Exercise material
-*-
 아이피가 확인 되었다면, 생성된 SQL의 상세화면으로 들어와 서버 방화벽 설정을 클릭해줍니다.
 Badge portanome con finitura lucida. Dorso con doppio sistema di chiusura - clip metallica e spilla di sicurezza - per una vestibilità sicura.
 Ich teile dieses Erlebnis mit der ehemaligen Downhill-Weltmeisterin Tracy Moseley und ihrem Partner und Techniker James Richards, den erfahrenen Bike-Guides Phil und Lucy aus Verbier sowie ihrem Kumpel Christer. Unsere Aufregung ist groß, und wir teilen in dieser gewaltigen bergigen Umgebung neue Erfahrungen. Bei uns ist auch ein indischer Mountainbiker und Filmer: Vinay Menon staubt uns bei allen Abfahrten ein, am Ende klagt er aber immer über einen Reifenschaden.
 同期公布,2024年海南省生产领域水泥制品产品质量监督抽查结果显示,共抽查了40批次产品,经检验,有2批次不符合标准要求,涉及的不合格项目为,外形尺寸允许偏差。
-*-
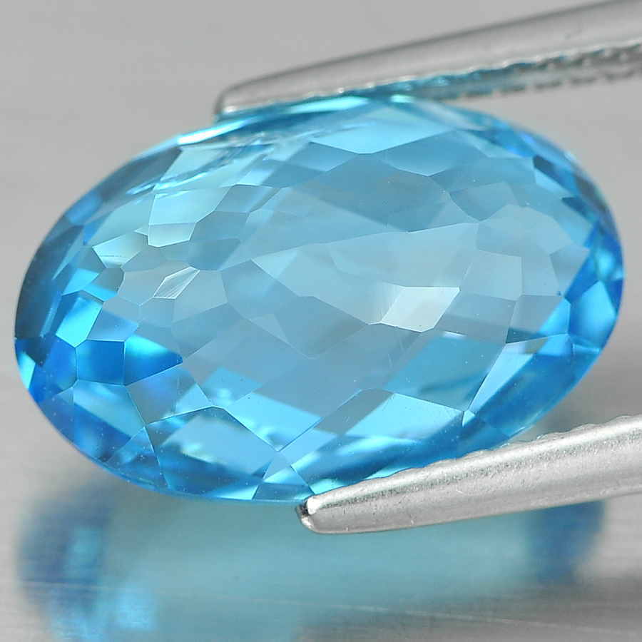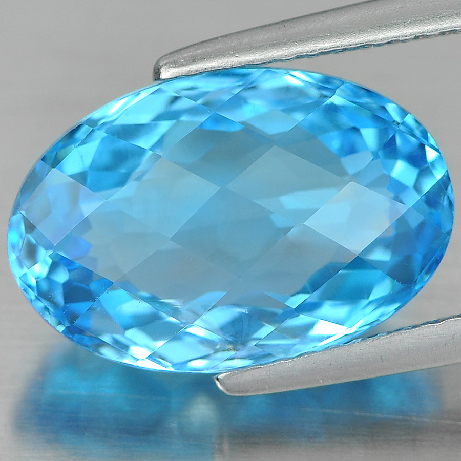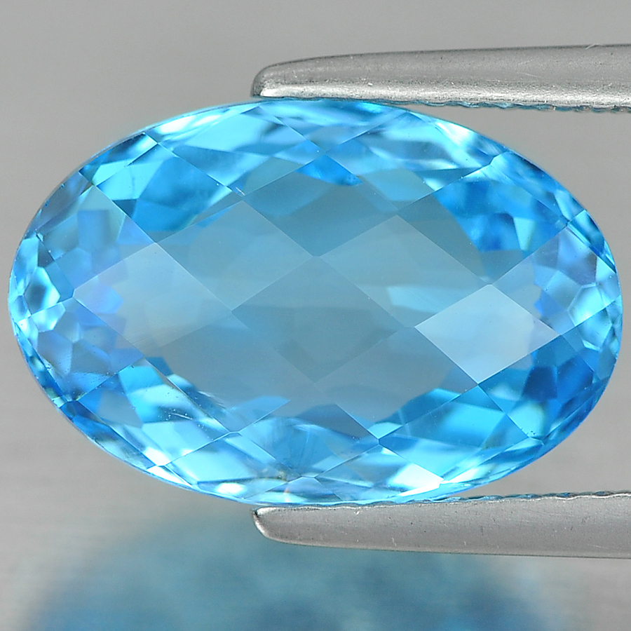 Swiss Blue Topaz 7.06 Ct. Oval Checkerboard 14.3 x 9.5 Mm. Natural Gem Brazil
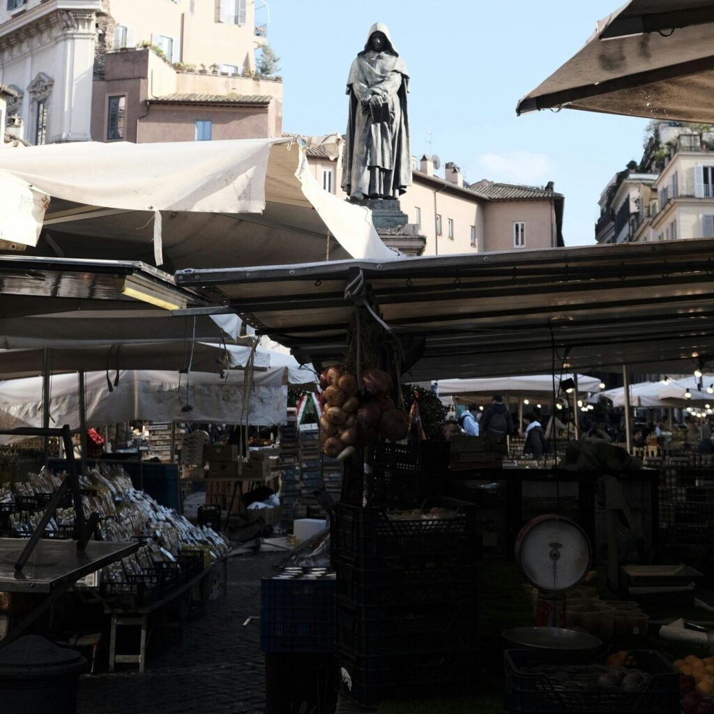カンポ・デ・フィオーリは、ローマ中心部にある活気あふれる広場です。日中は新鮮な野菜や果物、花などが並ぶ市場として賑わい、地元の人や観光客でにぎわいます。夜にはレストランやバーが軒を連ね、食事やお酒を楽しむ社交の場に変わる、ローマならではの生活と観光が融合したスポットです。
-*-
Look above for the line with "Swiss Blue Topaz", then print it and each line after it down to and including the line with "カンポ・デ・フィオーリは、ロ". Leave out the pictures and keep the wording exact.

 Swiss Blue Topaz 7.06 Ct. Oval Checkerboard 14.3 x 9.5 Mm. Natural Gem Brazil
カンポ・デ・フィオーリは、ローマ中心部にある活気あふれる広場です。日中は新鮮な野菜や果物、花などが並ぶ市場として賑わい、地元の人や観光客でにぎわいます。夜にはレストランやバーが軒を連ね、食事やお酒を楽しむ社交の場に変わる、ローマならではの生活と観光が融合したスポットです。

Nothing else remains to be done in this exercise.